J. Folino: The recent massacre in Orlando has focused the public’s attention away from the election as well as the upcoming Republican and Democratic conventions and shifted it to public safety and gun control. The way the American media suddenly switched from politics to gun control seems almost calculated to me. Can you comment on this?

John Steppling: The Orlando shooting raises so many questions. I want to write in some depth about them. And now the White House is rainbow. This drives me nuts. Where is the solidarity with dead Palestinians? Or dead Black teenagers? Or the victims of Fallujah? I mean yes, it’s a hate crime, committed, allegedly by a former G4 security worker. The same guys who torture Palestinians in Israeli jails. Irony? Uh, yes. But the violence against sexual orientation has not changed at all really. And I wonder sometimes if the progress of gay marriage and the way it’s on almost every show on TV now, the well adjusted loving gay marriage… if that isn’t a disservice to the queer community. For me part of the sexual outlaw nature of Fassbinder* or John Rechy* was in not fitting in. Rejecting the bourgeois norm. Not adjusting. So yes, it’s progress of a sort. Absolutely. I am not minimizing that. But marriage is a pretty retro institution. There is a domestication of this storyline that I think is more complex than it’s given credit for. The great queer artists that I am thinking of would have laughed at the idea of marriage and this new “fitting in” notion.

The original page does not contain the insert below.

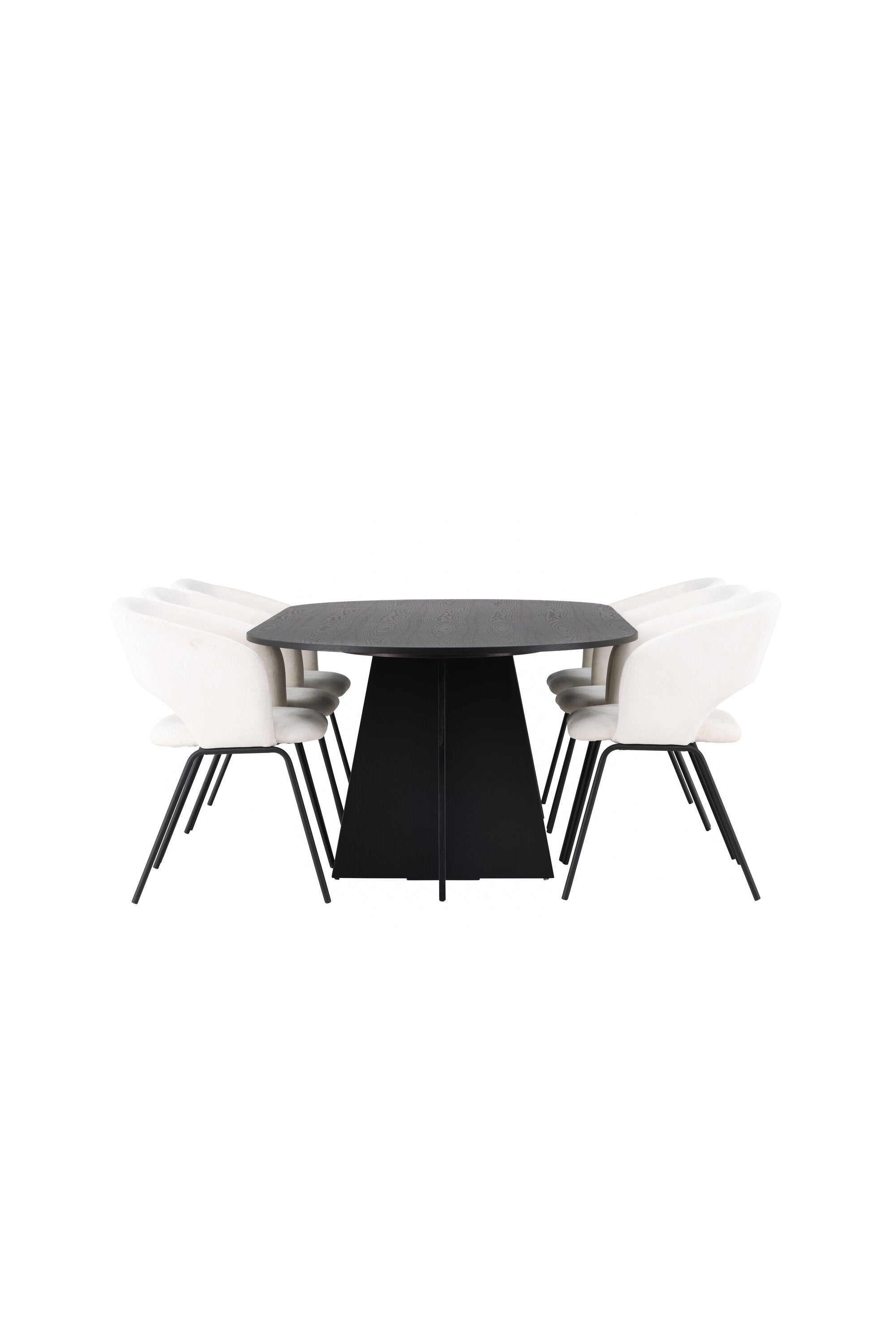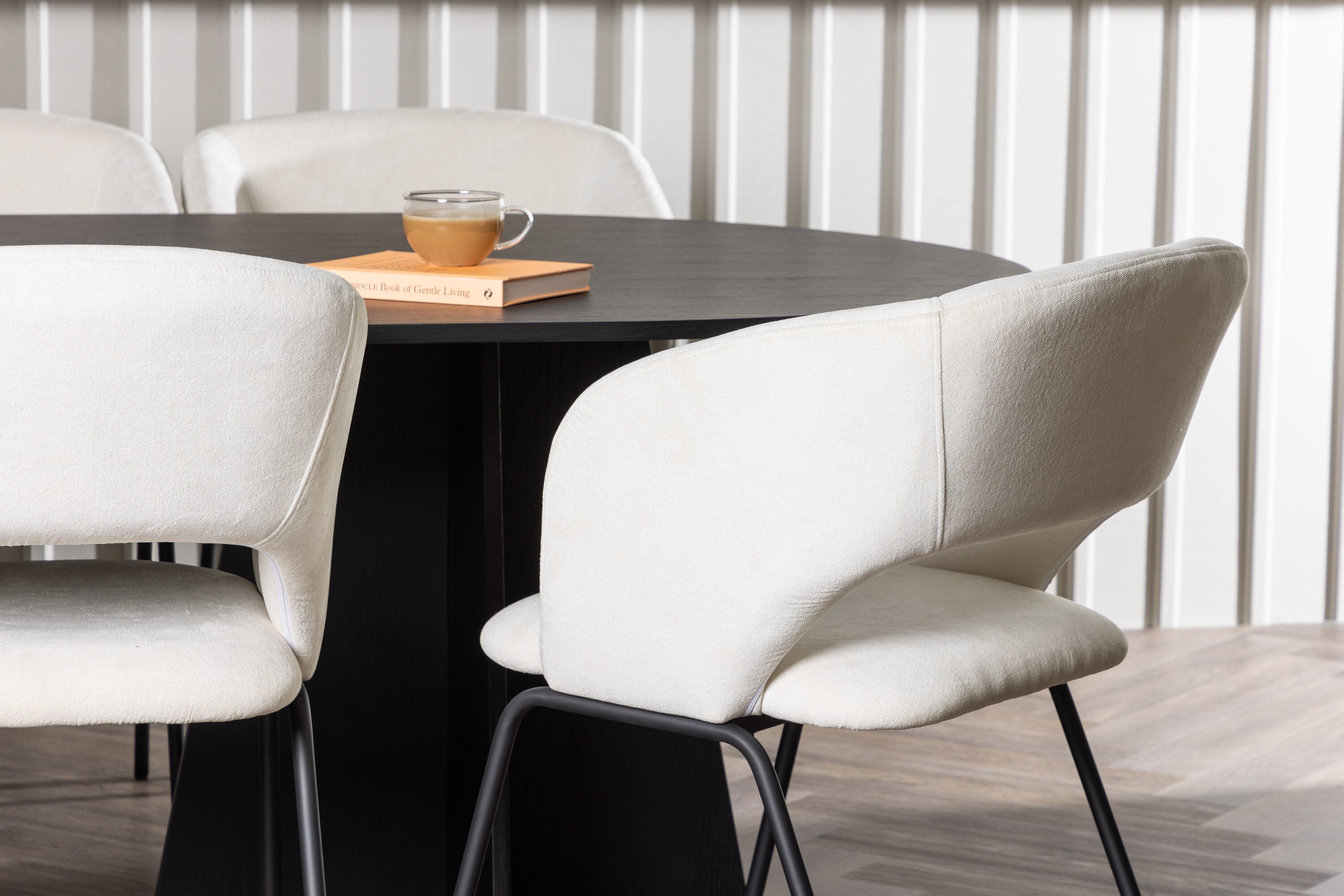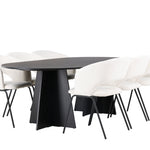 Bootcut Oválný jídelní stůl - černá / černá Fanéer + denní jídelní židle - matná černá / bílé prádlo _6

I think people are twigging to the ugliness of American society and culture. And I happened recently to start smoking pipes again. I hadn’t in a decade or more. But it made me remember back when I was twenty or so and I wanted to be like Anthony Braxton* who I knew. I knew I looked silly so I smoked it alone in private. But I remember the older men who were at the old tobacco and pipe stores. One on Hollywood Boulevard and one later in Century City. It was an introduction to a ritual of becoming a man. It was symbolic. And I think it’s odd that people get upset by the health risks but don’t care at all about plastic wrapped everything or factory farmed meat etc. Einstein, Ernst Block, Bertram Russell, JR Tolkin, CS Lewis, Mark Twain, Jung all great pipe smokers. On and on. Anyway it helps me think. Nicotine and caffeine. And I think these rituals of maturing have been lost. Even simple ones such as pipe smoking are lost. I have such distinct memories of the tins… the labels that never change… old pipe tobacco companies… Gawith, Rattrays, Germain and Sons. All of them. And it’s something you have to learn a bit about, too. It’s an art.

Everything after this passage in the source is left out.